Opinião

Por onde começar o combate à pobreza?, por Wanda Engel

Foto: Wanda Engel /Divulgação

As notícias são bem desanimadoras. Entre 2015 e 2018, com a crise financeira, houve um retorno de 7,4 milhões à situação de pobreza, sendo 4,5 milhões à indigência (renda mensal de R$ 145). Escancara-se também a desigualdade com a renda do 1% mais rico crescendo 9,4% e dos 5% mais pobres diminuindo 40%.

Assim, num contexto de pobreza, a carência da renda soma-se à falta de acesso a uma educação de qualidade, a serviços de saúde, à Justiça, à cultura, a condições habitacionais mínimas, incluindo água e esgoto. Tudo isto gerando, no campo subjetivo, uma tendência ao fatalismo e ao imediatismo, caracterizado pela “vida severina”, sem futuro e sem projeto. Quanto à desigualdade, vivemos uma enorme dissonância entre a ideia de uma sociedade igualitária, na qual todos podem ascender, dependendo unicamente de seus méritos e esforços, e a abissal desigualdade do mundo real.

Também aí aparecem consequências subjetivas, como a baixa estima ou o sentimento de injustiça, o que pode gerar a quebra do contrato social e a violência. O caldeirão parece estar prestes a explodir! Mas, fazer o quê? Em primeiro lugar, é preciso ter consciência da gravidade, da complexidade e da urgência de se enfrentar este problema, que, por sinal, afeta todos, e somente os pobres. Neste caso, não cabem soluções setoriais e reducionistas, sendo necessário desenvolver uma visão sistêmica da dinâmica de produção e reprodução da pobreza e da desigualdade. Mas, para que nossa energia não se perca no intrincado mapa das relações causais, é importante identificar os chamados “pontos de alavancagem”. As políticas sociais brasileiras vêm buscando atuar nestes pontos: transferências condicionadas, associadas ao desenvolvimento familiar, à inclusão produtiva e ao desenvolvimento local, como ocorreu no Projeto Alvorada. Estas medidas foram responsáveis pela saída de milhões de pessoas da situação de pobreza e pela diminuição da desigualdade, tendências que, infelizmente, não se mostraram sustentáveis numa situação de crise.

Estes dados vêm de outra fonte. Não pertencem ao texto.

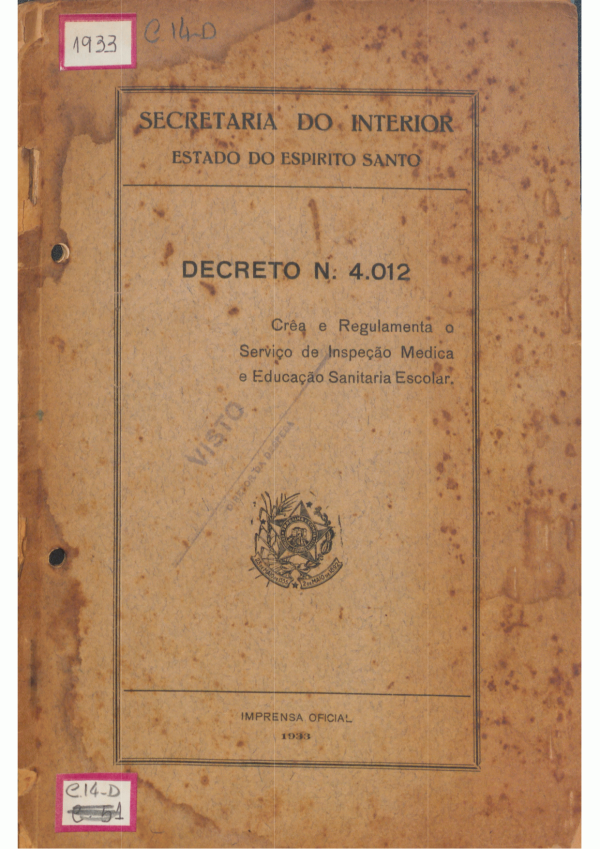 Decreto nº. 4012: cria e regulamenta o Serviço de Inspeção Médica e Educação Sanitária Escolar

A pergunta de um milhão de dólares é: qual seria o “ponto de alavancagem” capaz de dar maior sustentabilidade à superação da pobreza e à diminuição da desigualdade? Primeira dica: estudos mostram que o principal fator responsável pela produção e reprodução da pobreza, em uma sociedade do conhecimento, é a educação. Não apenas o nível da escolaridade, mas a qualidade da aprendizagem. Neste sentido, em encontro promovido pelo Todos pela Educação, Jaime Saavedra, responsável global pela área de educação do Banco Mundial, defendeu a importância da alfabetização plena (capacidade de ler e interpretar um texto simples) até os 10 anos. As crianças deveriam ser alfabetizadas até os 8 anos e ter esta habilidade consolidada aos 10. Segundo ele, após essa idade, torna-se cada vez mais difícil desenvolver tal competência, que está na base do processo de aprendizagem de todas as outras áreas.

A percentagem de crianças com 10 anos que não desenvolveram esta habilidade definiria a chamada “taxa de pobreza de aprendizagem”. O Brasil, como um todo, aparece com uma taxa de 48%, enquanto a média dos países pobres e médios chega a 53%. Entretanto, mais uma vez as médias escondem a desigualdade. Enquanto em São Paulo a pobreza de aprendizagem atinge a taxa de 27%, no Maranhão é de 70%. Como a pobreza de aprendizagem é um preditor, não apenas da reprodução da pobreza e da desigualdade, como do desenvolvimento econômico e social, creio firmemente que sua diminuição possa se constituir em um efetivo ponto de alavancagem.

Para tanto, é preciso que não esqueçamos que um problema complexo exige uma abordagem intersetorial e estratégias colaborativas, envolvendo governos de diferentes níveis e áreas (educação, saúde, assistência, cultura, esporte), empresariado, organizações da sociedade civil, universidades e mídia em torno de uma agenda comum. Neste caso, nossa agenda comum poderia ser a garantia da alfabetização plena de nossas crianças até os 10 anos. Com esta agenda, todos poderiam contribuir, a despeito das posições econômicas, sociais ou ideológicas. Será que ainda é possível sonhar com colaboração em um contexto tão polarizado? A educação poderia realizar este milagre? Eu acredito!

*Wanda Engel é diretora do Instituto Synergos no Brasil e foi ministra da Assistência Social.